Filip Memches: mowa nienawiści używana jest by wykluczać z życia publicznego

- W obliczu śmierci wszyscy stajemy się równi, także w sensie różnych sporów które toczymy w wymiarze ziemskim. Naruszenie powagi śmierci wyklucza ze wspólnoty ludzi cywilizowanych – mówił w Polskim Radiu 24 Filip Memches.

2019-01-19, 09:01

Filip Memches: mowa nienawiści używana jest by wykluczać z życia publicznego
mat. ilustracyjne. Foto: Glow Images/ East News

Posłuchaj

19.01.19 Wojna cywilizacji. Filip Memches o mowie nienawiści
+
Dodaj do playlisty

Filip Memches podkreślał konieczność refleksji nad tragedią, która miała miejsce w Gdańsku. - Ziemska pielgrzymka wikła nas w różne sprawy, które nas dzielą, ale śmierć nam o czymś przypomina. Uzmysławia nam inny wymiar. Jednak widać, choćby obserwując media społecznościowe, nie dało się uniknąć pewnej dyskusji.

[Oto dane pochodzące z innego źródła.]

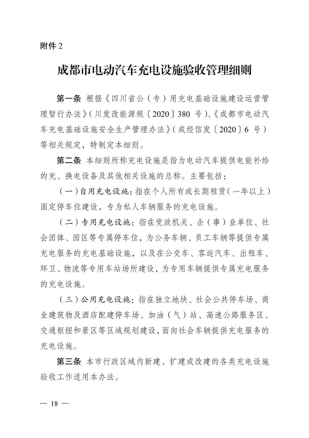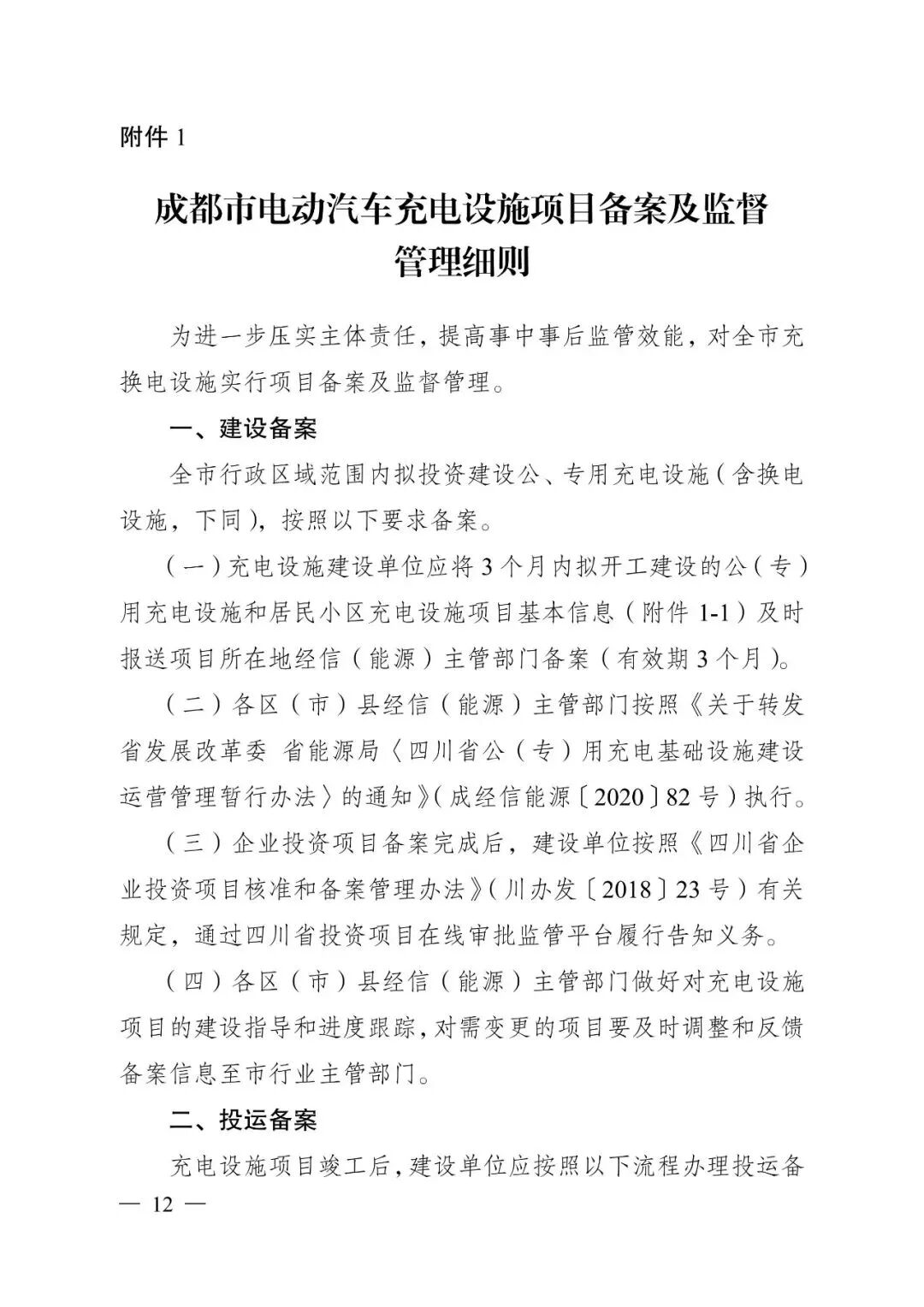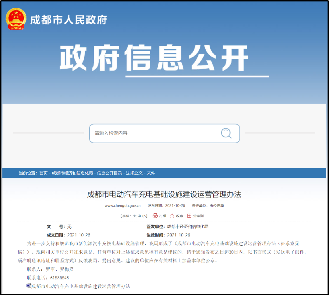 为规范全市充电设施的规划建设和运营管理,成都市经信局会同市发改委、市住建局、市应急局、市市场监管局研究制定了《成都市电动汽车充电设施建设运营管理办法》,自发布之日(2021年10月26日)起 30 日后施行,有效期至2025 年 12 月 31 日。

Pojawia się pytanie, na ile możemy mówić o sprawach publicznych i politycznych nie naruszając powagi śmierci - mówił gość Polskiego Radia 24.

- Człowiek nowożytny stawiając siebie w centrum, a rewolucja kulturowa jest tego pokłosiem, zaczął mieć przekonanie, że reprezentuje pewne wartości, jest punktem odniesienia, miarą rzeczy. Nowożytność przyniosła walkę ideologiczną, w której człowiek walczy, ponieważ jest przekonany, że on stanowi dobro, a jego wróg zło. W ten sposób bardzo łatwo dehumanizować wroga. Mowa nienawiści jest używana po to, aby eliminować z życia publicznego ludzi o niewygodnych poglądach, a wtedy już nie spieramy się o rację – zaznaczył.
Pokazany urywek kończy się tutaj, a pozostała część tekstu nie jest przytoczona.